* _Excerpted data_
++++++

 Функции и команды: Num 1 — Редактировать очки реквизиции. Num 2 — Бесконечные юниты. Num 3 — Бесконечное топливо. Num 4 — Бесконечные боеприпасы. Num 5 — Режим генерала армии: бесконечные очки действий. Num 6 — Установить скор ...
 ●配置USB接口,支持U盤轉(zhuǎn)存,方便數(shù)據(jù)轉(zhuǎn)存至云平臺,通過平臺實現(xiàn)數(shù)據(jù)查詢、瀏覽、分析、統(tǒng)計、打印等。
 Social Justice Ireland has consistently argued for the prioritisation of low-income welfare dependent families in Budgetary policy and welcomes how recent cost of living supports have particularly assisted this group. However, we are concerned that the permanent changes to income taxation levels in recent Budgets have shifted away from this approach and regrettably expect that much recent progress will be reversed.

++++++

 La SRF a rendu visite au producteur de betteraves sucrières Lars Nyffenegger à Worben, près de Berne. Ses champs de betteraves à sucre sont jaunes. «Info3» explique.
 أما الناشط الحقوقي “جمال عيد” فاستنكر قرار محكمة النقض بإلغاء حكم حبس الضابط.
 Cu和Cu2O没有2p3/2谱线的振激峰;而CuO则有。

++++++

* _Work to be completed_
Would you output, from the records above, exactly the run of lines that starts at the line containing "La SRF a rendu" and ends at the line containing "Cu和Cu2O没有2p3/2谱线的振激峰;而CuO则有。", and only that run?

* _Your solution_
 La SRF a rendu visite au producteur de betteraves sucrières Lars Nyffenegger à Worben, près de Berne. Ses champs de betteraves à sucre sont jaunes. «Info3» explique.
 أما الناشط الحقوقي “جمال عيد” فاستنكر قرار محكمة النقض بإلغاء حكم حبس الضابط.
 Cu和Cu2O没有2p3/2谱线的振激峰;而CuO则有。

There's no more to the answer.